Он махнул в сторону котелка.
Старик, склонившийся над каким-то шитьем, удивленно поднял голову и неуверенно посмотрел на Браги.
— Ты далеко забрался от Тролледингии, — заметил он. — Садись, конечно. Лишней утвари у меня нет, я не привык к гостям.
— Спасибо. Скажи, как ты узнал, откуда я?
Разговаривая, он достал из седельной сумки потертую посуду.
Старик пошарил в собственном мешке, нашел ложку и миску и тоже склонился над котелком.
— Где еще мужчины ростом с медведей и вдвое уродливее? — спросил он. — Ты один из тех бродяг-героев, да? Которые убивают драконов и спасают девственниц. Что за жизнь! Если бы мне снова стать молодым… Как ты тут оказался?
— Времена тяжелые, — проворчал Браги. — Слишком большая конкуренция. Прежде, до короля Нортона, в каждой пещере сидел дракон, а под каждой горой тролль. Но после того как Нортон убил короля Виллема, все стало куда хуже. Троллей и драконов почти не осталось… Виллем берег окружающую среду. — Тут он вспомнил заданный ему вопрос. — Я заснул в седле, когда ехал по Северной дороге. Глупая лошадь решила обследовать окрестности. Блуждаю уже три дня. — Он наполнил миску и сказал с набитым ртом: — Неплохо!

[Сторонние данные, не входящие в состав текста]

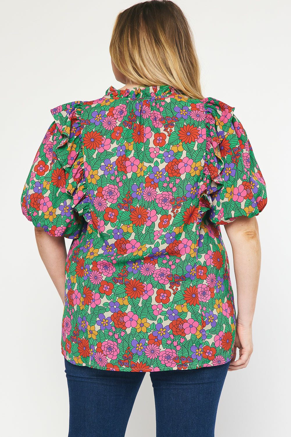 Floral Blouse with puff sleeve. Beautiful for Fall transition

Хорошо приправлено. А ты что тут делаешь?
— Люблю готовить, — ответил старик, тоже с полным ртом. — Я тут пытаюсь сочинить заклинание, чтобы наложить проклятие на Итаскию.
— Колдун, да?
— Угу. Ариститорн из Некремноса… тебя это, похоже не пугает.
Вид у него был обиженный.
— А с чего мне пугаться? — Браги откинул назад голову, вытаскивая из похлебки концы светлых волос. — Судя по Зиндахиджре, человеку ничто не угрожает, если на него не нападают с ходу. Впрочем, у меня все равно нет ничего такого, что могло бы понадобиться колдуну. Можно еще миску?
— Угощайся. Знаком с Молчуном, да? Самый большой болтун в нашей профессии.

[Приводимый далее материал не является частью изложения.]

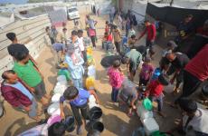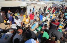 نازحون يصطفون أمام تكية في غزة بحثاً عن وجبة غداء وسط تفاقم المجاعة بشكل كارثي في القطاع المحاصر 19 يوليو 2025

— Он самый. Слушай, а что за проклятие ты замышляешь?
Старик фыркнул.
— Был в последнее время в королевстве?
— Я уехал из города пять дней назад.
— Слышал когда-нибудь про заявление короля насчет великана? Того, который похищает девственниц и все такое, не того, который грабит путников. У этого есть лицензия, и он платит налоги.
— Я слышал, будто кто-то в конце концов его поймал. А что? Ты его приятель?
— Я поймал его и двоих его братьев, которые помогали сбывать лишних девственниц.
— А Нортон не захотел платить, да?
— Именно!
— Следовало ожидать. И как ты только до старости дожил, будучи таким наивным? Он обещает свою дочь каждый раз, когда возникают какие-нибудь проблемы. Что случилось с девственницами?
— Ну, после того как они чуть не побили меня камнями за то, что я разрушил им неплохую, по их словам, жизнь, полагаю, они вернулись домой и обошлись обычными мужчинами. Весной наверняка народится кучка уродливых, покрытых бородавками, волосатых маленьких ублюдков. Надеюсь, все они вырастут нормальными троллями и займутся своим бизнесом, достойно служа Нортону.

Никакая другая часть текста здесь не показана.